At inference time, prediction is a pure NumPy forward pass: input scaling, four matrix multiplications, and PCA reconstruction. No ML framework is needed.
Why an MLP?
We evaluated several alternatives:
- Gaussian Processes: O(n^3) scaling makes them impractical beyond a few thousand training points.
- Random Forest / XGBoost: Produces step-function approximations that are not differentiable, breaking gradient-based optimisers.
- Polynomial regression: Cannot capture the nonlinear spectral features of ice albedo.
- MLP: O(N) inference, microsecond predictions, smooth differentiable output, and compact storage (~100 KB).
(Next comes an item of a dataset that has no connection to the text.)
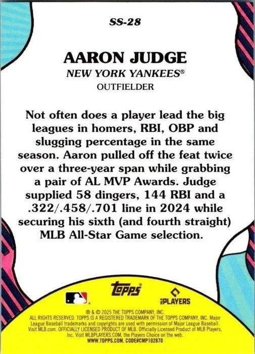 This is a nice example of a 2025 Topps #SS-28 Aaron Judge Summer Superstars

The sweet spot for this problem.
Verifying accuracy
Always verify a new emulator before using it for retrieval:
result = emu.verify(n_points=100, seed=123)
print(result.summary())This runs the full forward model at random parameter combinations and compares against emulator predictions. Expect:
- Spectral MAE: < 0.005 (0.5% absolute error)
- BBA MAE: < 0.005
- R2: > 0.999
Batch predictions
For parameter sweeps or sensitivity analysis, predict_batch() processes many parameter sets at once:
import numpy as np
points = np.array([
[1000, 600, 5000], # rds, rho, black_carbon
[2000, 700, 10000],
[3000, 800, 0],
])
batch = emu.predict_batch(points)
print(batch.shape) # (3, 480)Integration with inversions
The emulator integrates directly with the inversion module, providing the fast forward evaluations needed for optimisation and MCMC:
from biosnicar.inverse import retrieve
result = retrieve(
observed=measured_spectrum,
parameters=["ssa", "black_carbon"],
emulator=emu,
fixed_params={"direct": 1, "solzen": 50, "dust": 1000},
)See the inversions guide for full details.
Training guidelines
| Samples | Build time | File size | Best for |
|---|---|---|---|
| 5,000 | ~4 min | ~100 KB | 2-3 free parameters |
| 10,000 | ~8 min | ~150 KB | 4-5 free parameters |
| 20,000 | ~17 min | ~200 KB | High-accuracy applications |
More free parameters require more training samples to fill the higher-dimensional space. As a rule of thumb, use at least 1,000 samples per free parameter.
Limitations
- No extrapolation: The emulator clips inputs to the training bounds and warns if out of range. Results at the boundaries are less accurate than in the interior.
- Single-layer only: The default emulator treats the ice column as a single homogeneous layer. For multi-layer configurations, build a custom emulator with appropriate fixed layer parameters, or use the full forward model.
- No subsurface fields: The emulator predicts spectral albedo only. Heating rates, absorbed flux per layer, and subsurface light fields (
F_up,F_dwn) are not available from emulator predictions — use the full forward model viarun_model()for those. - PCA artefacts: Very extreme parameter combinations near the training bounds may produce small spectral oscillations. Increasing
n_samplesmitigates this.